• EXERCISE AIM:
Transcribe exactly, please, the line bearing "из 7 команд." and all later lines through the end of the records, with the pictures left out.

• DATA TO PROCESS:
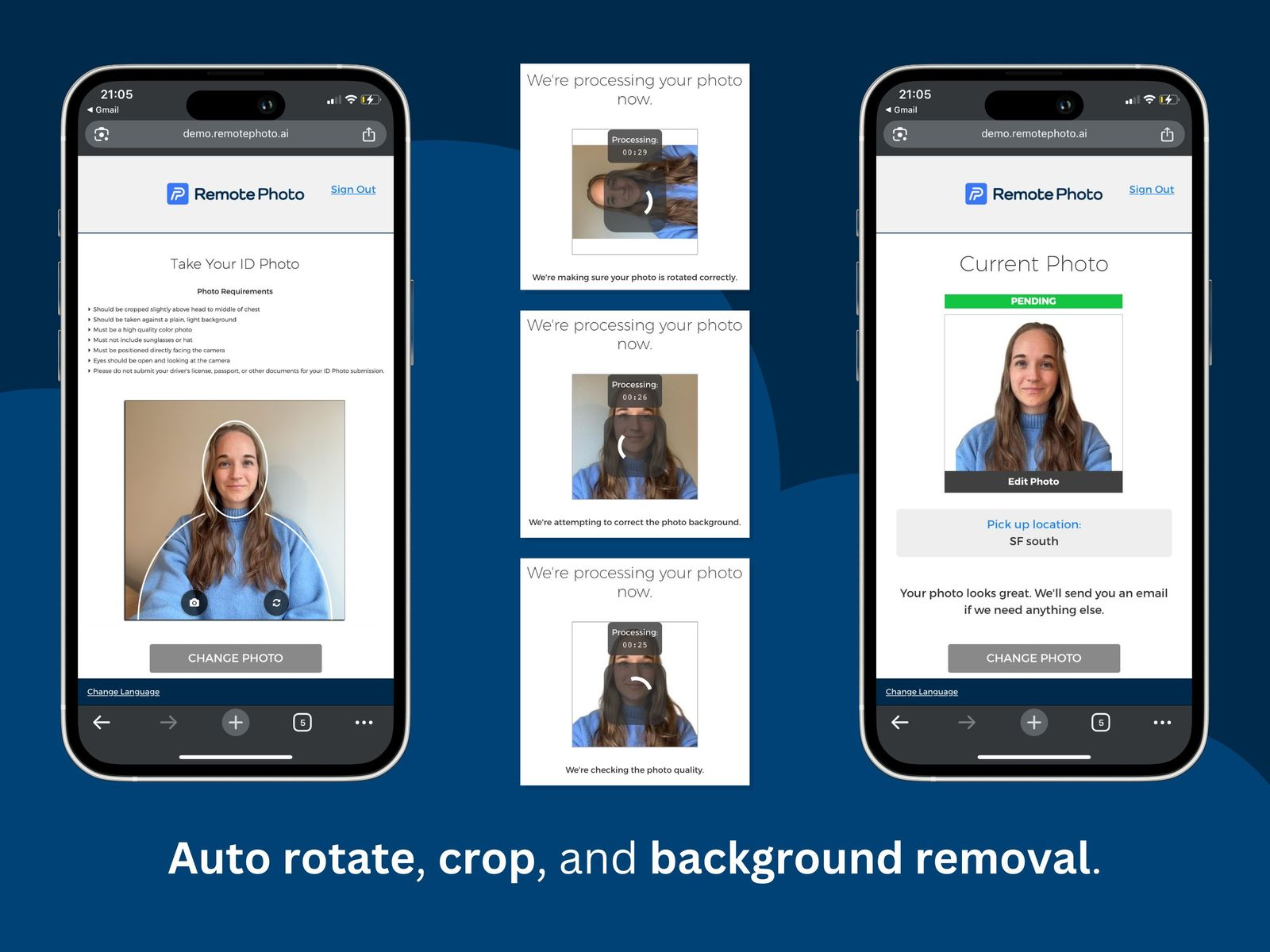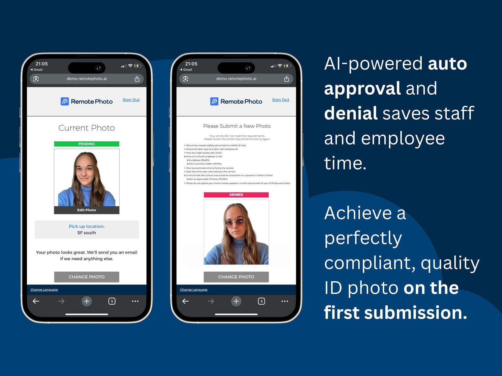 RemotePhoto automates the collection, validation, and approval of ID photos using intelligent, real-time feedback. Cardholders can submit compliant photos from any device, while administrators benefit from faster processing, consistent image quality, and seamless integration with credentialing systems. The result is a streamlined, secure, and user-friendly ID photo submission experience that saves time, reduces costs, and scales effortlessly. SEE DEMO BELOW
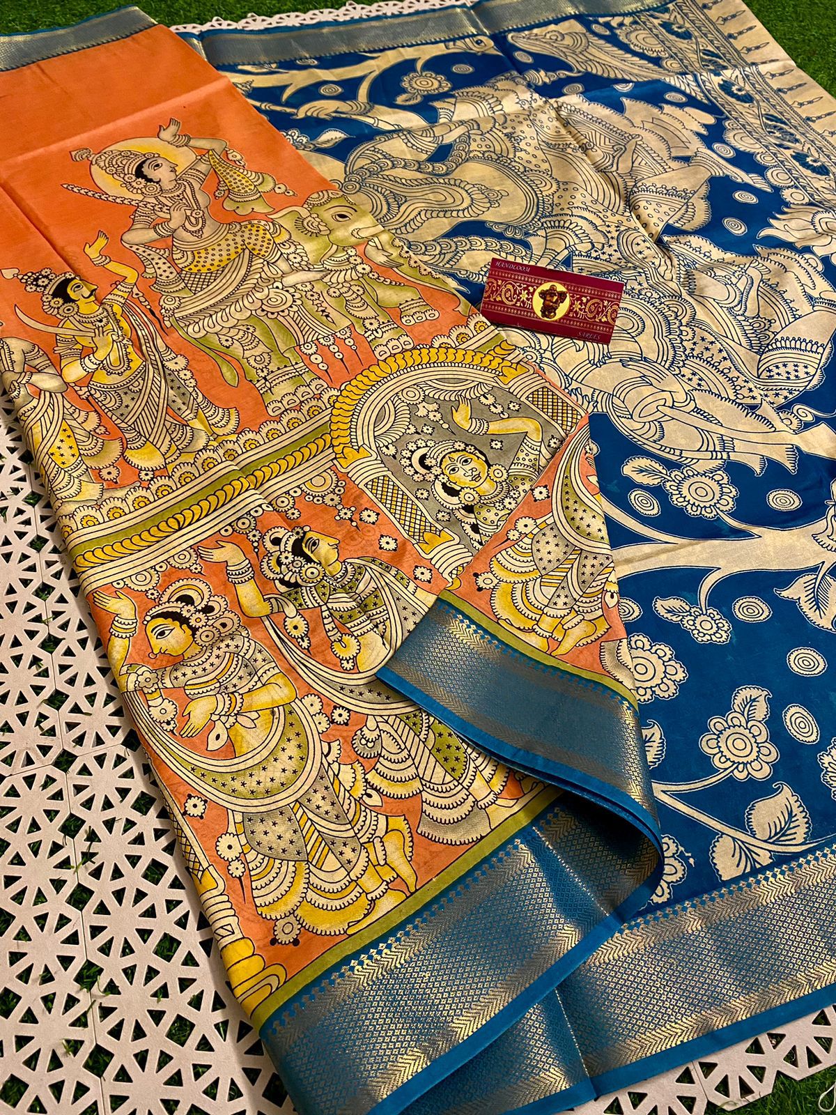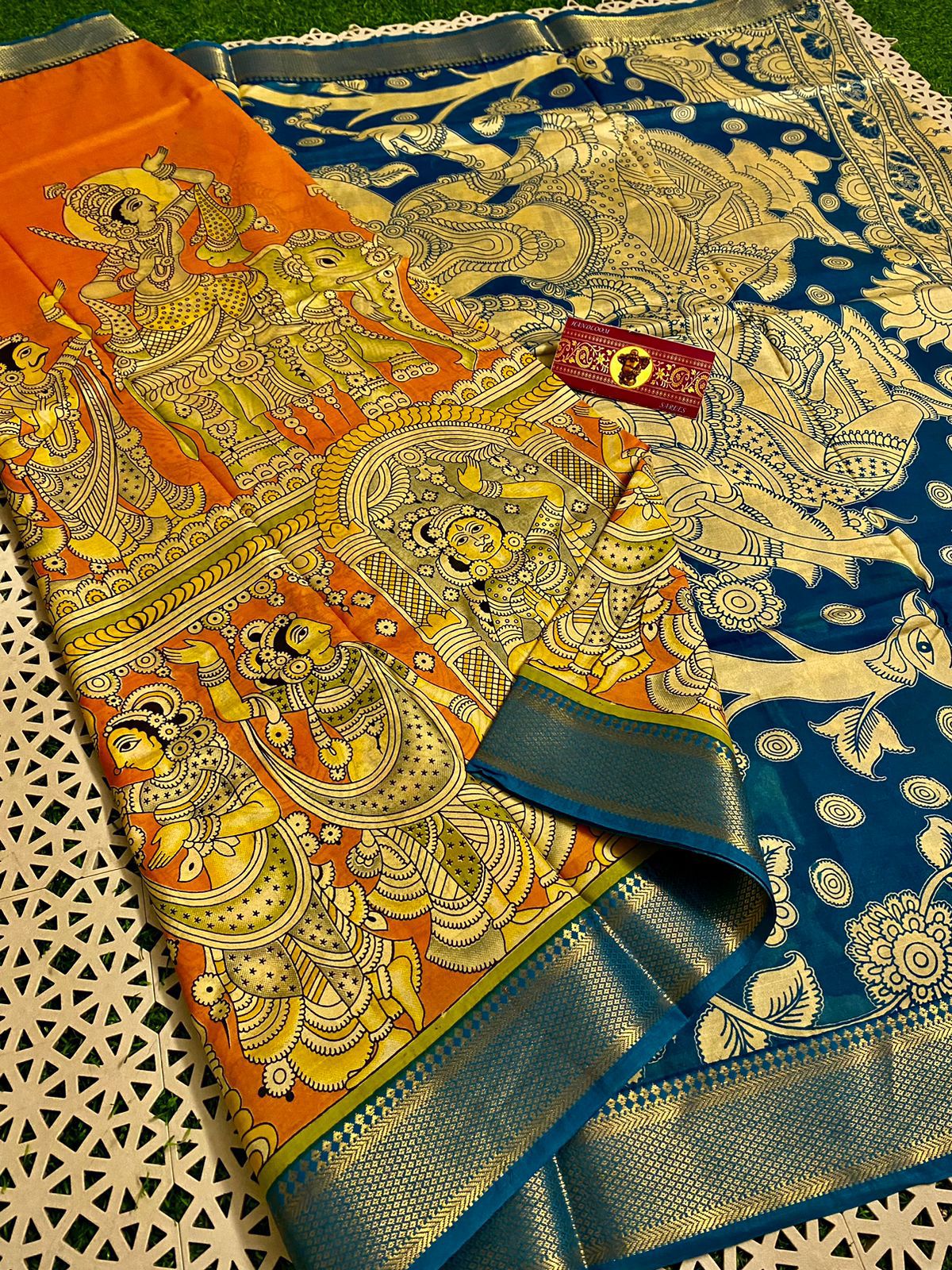 Pure Kalamkari Silks Embrace Saree In Orange-Blue Combination. Comes With Stitched Blouse
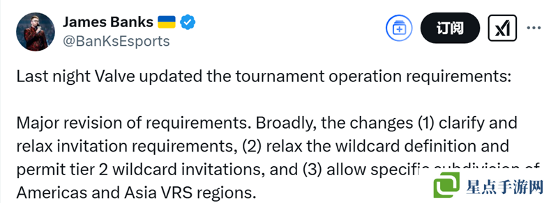 V社赛事规定更新:放宽邀请标准
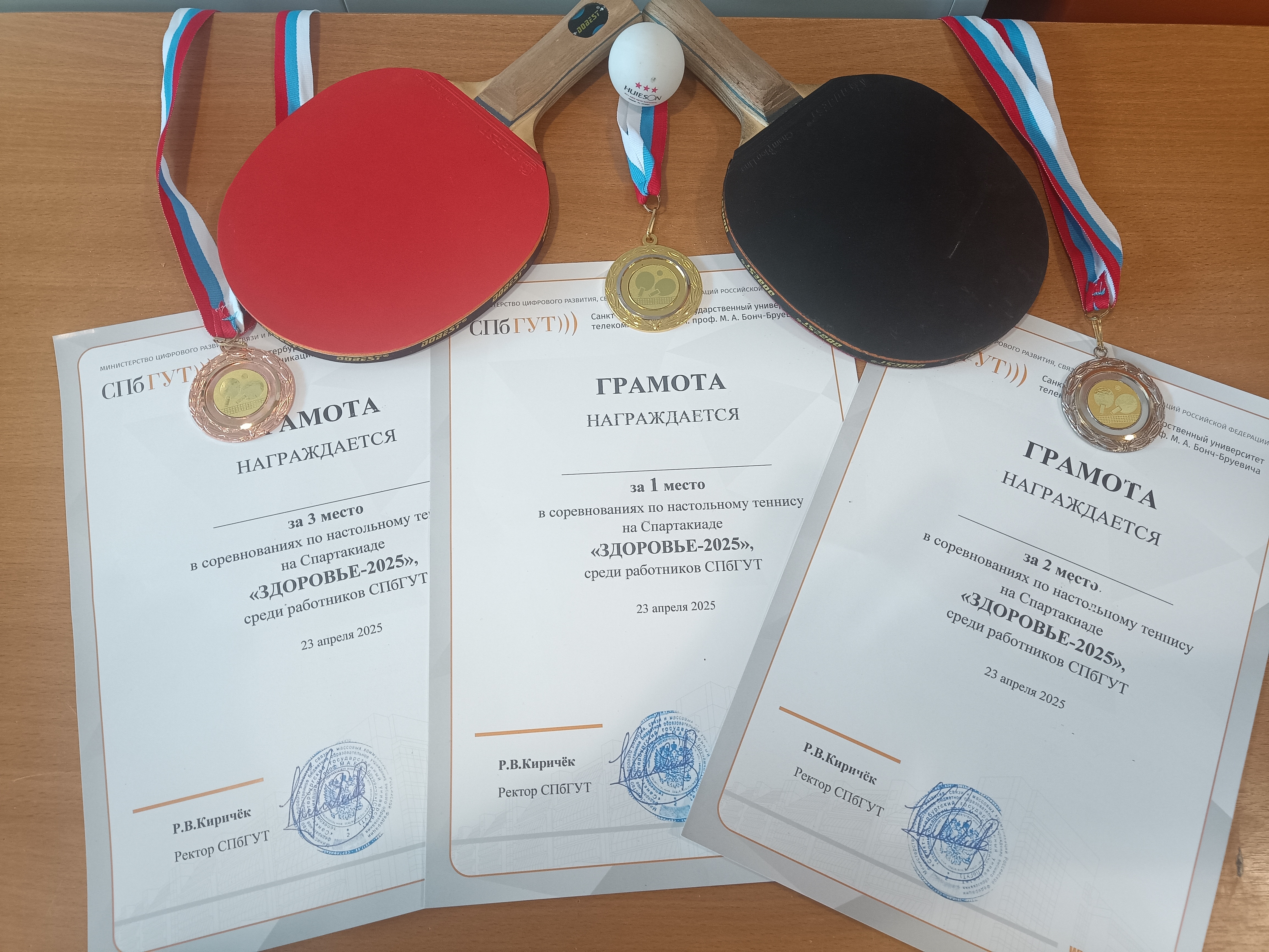 Спартакиада «Здоровье-2025», посвящённая 95-годовщине со дня образования СПбГУТ (ЛЭИС), началась в Международный день настольного тенниса с соревнований по этому виду спорта. Оспаривать звание «первой ракетки СПбГУТ» вышли 12 работников из 7 команд.
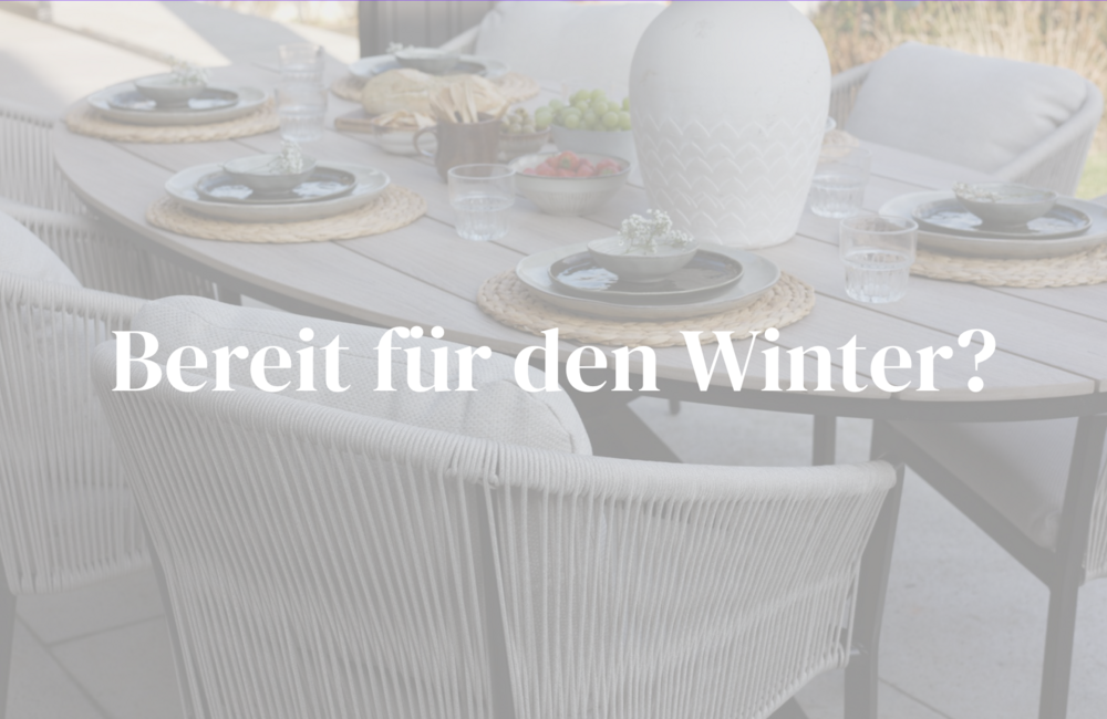 Oberflächen aus Sprühstein oder Keramik sind robust, aber empfindlich gegenüber Frost. Daher empfehlen wir, Tische mit diesen Materialien entweder trocken zu lagern oder gut mit Schutzhüllen abzudecken. Ähnliches gilt für Sitzpolster: Textilien sollten spätestens ab November trocken und luftig gelagert werden – etwa in Aufbewahrungsboxen oder im Innenraum.

• SOLVED PROBLEM:
 Спартакиада «Здоровье-2025», посвящённая 95-годовщине со дня образования СПбГУТ (ЛЭИС), началась в Международный день настольного тенниса с соревнований по этому виду спорта. Оспаривать звание «первой ракетки СПбГУТ» вышли 12 работников из 7 команд.
 Oberflächen aus Sprühstein oder Keramik sind robust, aber empfindlich gegenüber Frost. Daher empfehlen wir, Tische mit diesen Materialien entweder trocken zu lagern oder gut mit Schutzhüllen abzudecken. Ähnliches gilt für Sitzpolster: Textilien sollten spätestens ab November trocken und luftig gelagert werden – etwa in Aufbewahrungsboxen oder im Innenraum.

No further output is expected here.